Harlech is
32 km. north from Dolgellau along the A496 via Barmouth.
Harlech formed part of a bold military strategy and its power
and might are unquestioned even today, 700 years after
the castle was built. Set on its towering rock above
Tremadog bay, Harlech is the most dramatically sited
of all the castles raised by Edward I to overawe Wales.
Its soaring walls and towers are challenged for supremacy
only by the purple mass of distant Snowdon Mountain.
These rugged peaks played a large part in determining
Harlech's siting as one of the so-called 'Iron Ring'
of fortresses, built to contain the Welsh in their mountain
fastness.
The castle was designed by the brillant
James of St.George, it was raised between 1283 and 1290
by an army of craftsmen and labourers: at one stage
nearly a thousand men were hard at work here. They came
from far and wide: masons from Savoy and Ireland, carpenters
and blacksmiths from all over England. Between them
they created a seemingly impregnable fortress, naturally
protected on three sides by cliffs and defended by concentric
lines of mutually supporting fortifications. The castle's
great glory is the massive, twin towered gatehouse:
attackers who reach it, a stronghold in itself, must
penetrate its devilish complex of gates, portcullies
and loopholes.
No wonder Harlech became the castle of
lost causes, where diehard garrisons could defy thousands
of besiegers. But it's one of history ironies that this
castle, built to subdue the Welsh by an English king,
was captured in 1404 by Owain Glyndwr. It was the final
refuge of his Welsh patriots and later of Welsh Lancastrians.
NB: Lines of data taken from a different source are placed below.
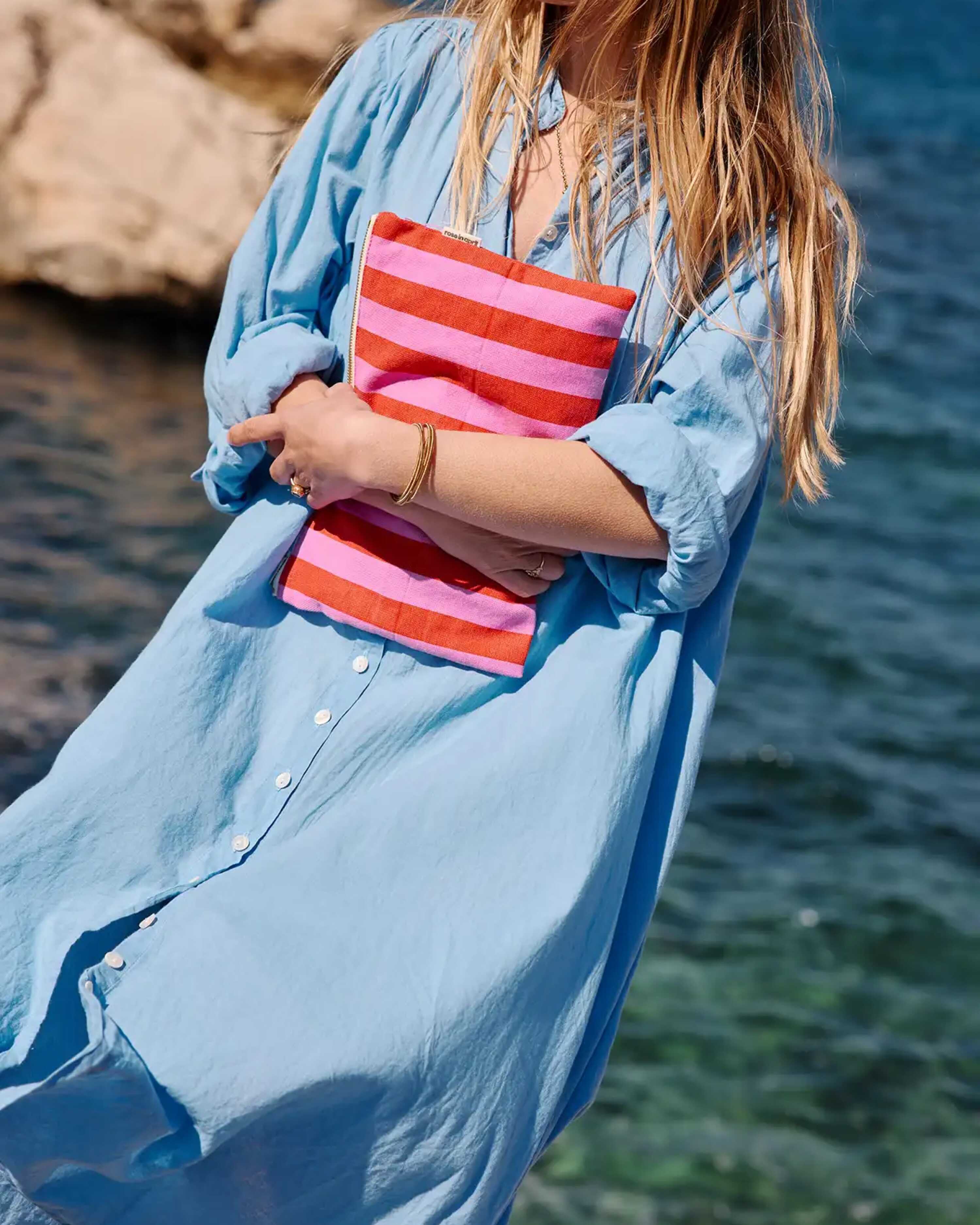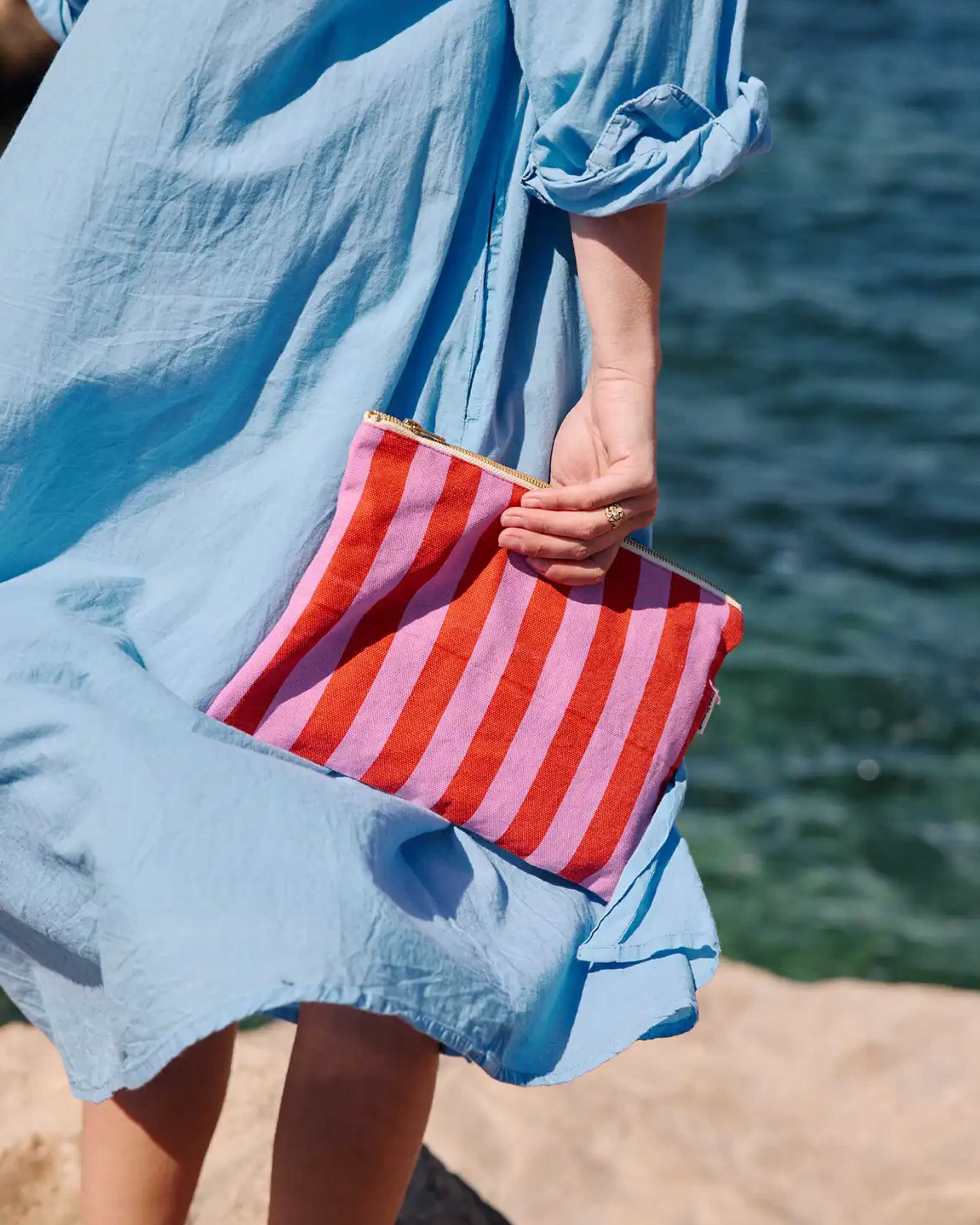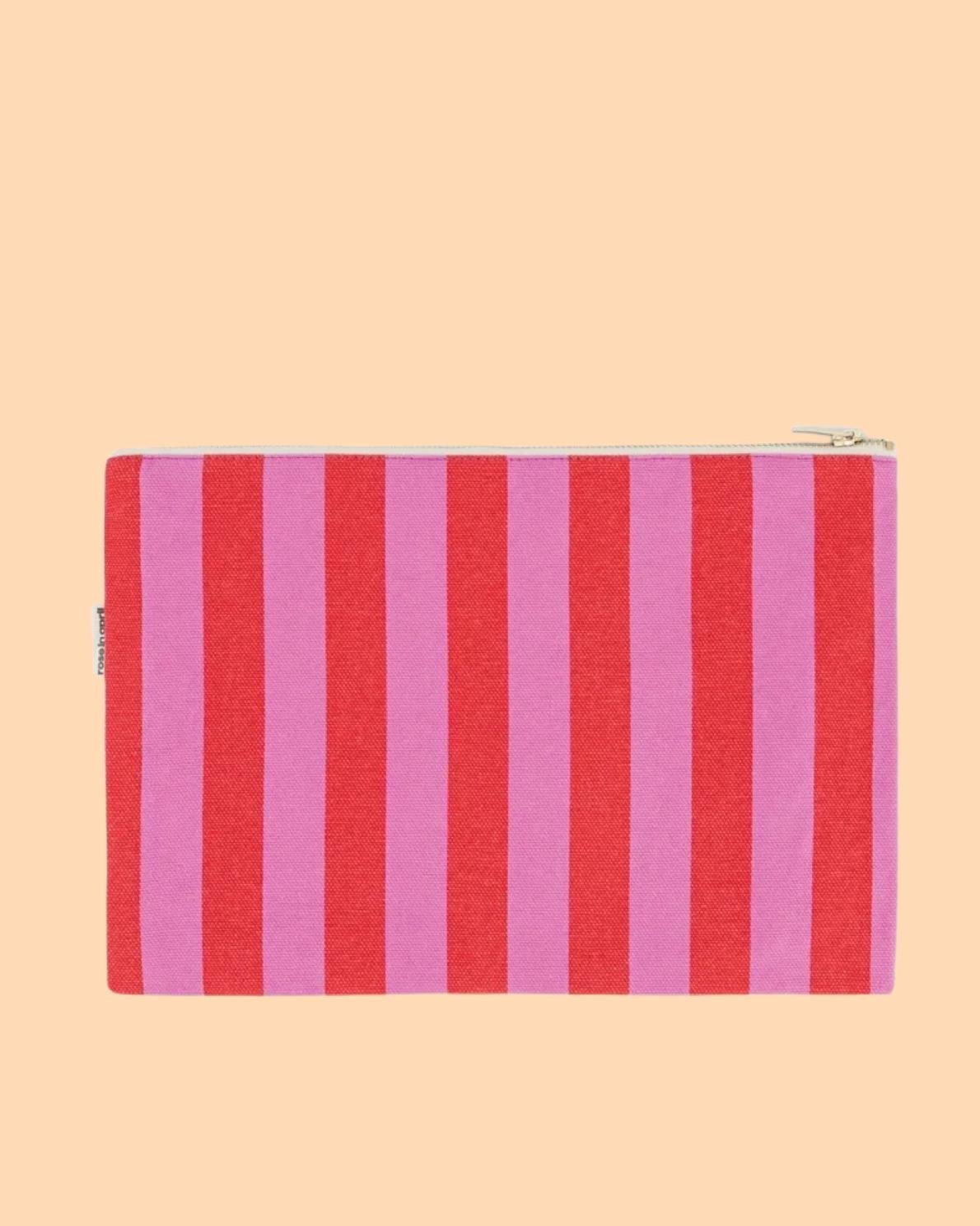 Die Pouch Lili Stripes Orchid/Red von rose in april ist nicht nur schön sondern auch praktisch denn sie ist ein echtes Raumwunder! Sie ist aus ÖKO-TEX-Baumwolle in Portugal hergestellt.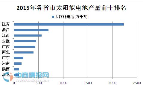 2015年全國太陽能電池產量前十排名:江蘇位居榜首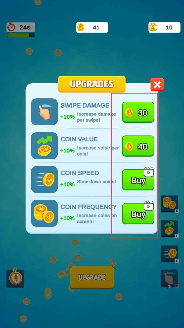 3、点击UPGRADE按钮,进入升级界面,可用收集的金币购买SWIPE DAMAGE、COIN VALUE等升级项,提升收集效率。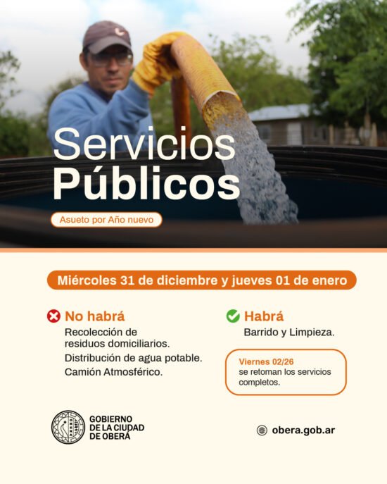 El Gobierno de la Ciudad de Oberá, recomienda tomar los recaudos correspondientes, teniendo presente que los servicios completos se retoman el viernes 2 de enero.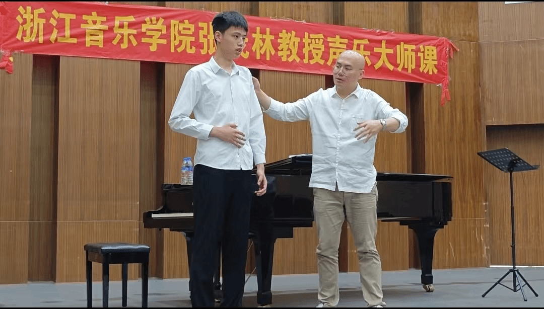 本次大师课,学院多位同学上台演唱,张茂林教授则在同学们的演唱中为同学们找出存在的问题,并帮助其改正。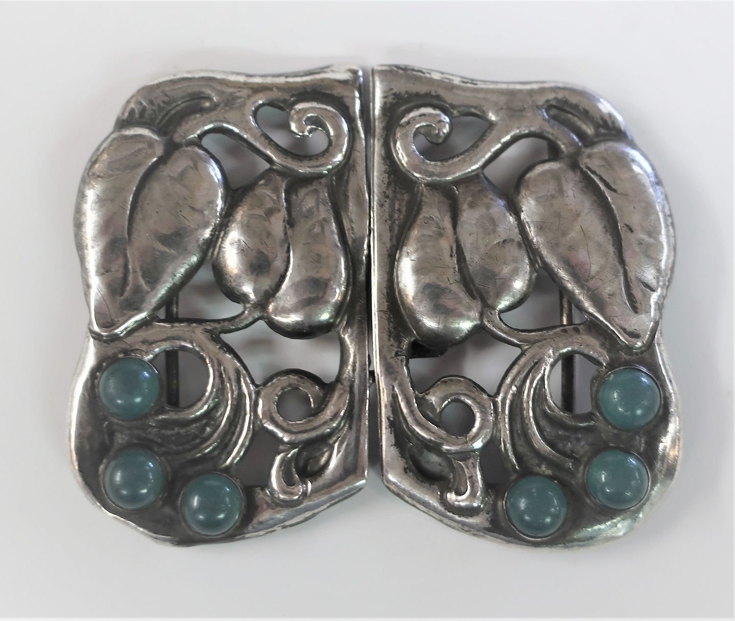 Jugend Sølv bæltespænde (830) med 6 grønne sten. Længde 7 cm. Bredde 6 cm. Stemplet 830S og IH i slyng.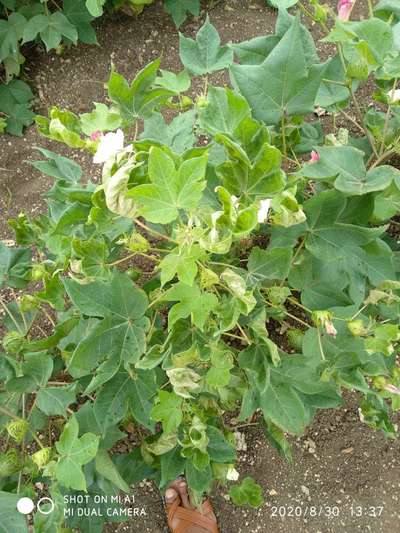 कपाशीची पाने गोळा होऊन सुकत आहेत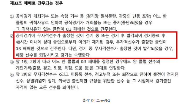 K리그 규정 제33조 2항은 공식경기에 무자격선수가 출장한 것이 경기 중 또는 경기 후 발각돼

Owever, Harlech was the very last Royalist stronghold
to fall during the Civil War.
Despite the assault of war and time, this
masterpiece of medieval fortification has survived remarkably
intact. Views from the battlements and wall-walks are
truly panoramic with the high peaks of Snowdonia that
are just one ingredient in a scene which extends across
the waters of Tremadog bay, to the long Lleyn Penisula.
The castle is now a World Heritage Site and in the care
of CADW.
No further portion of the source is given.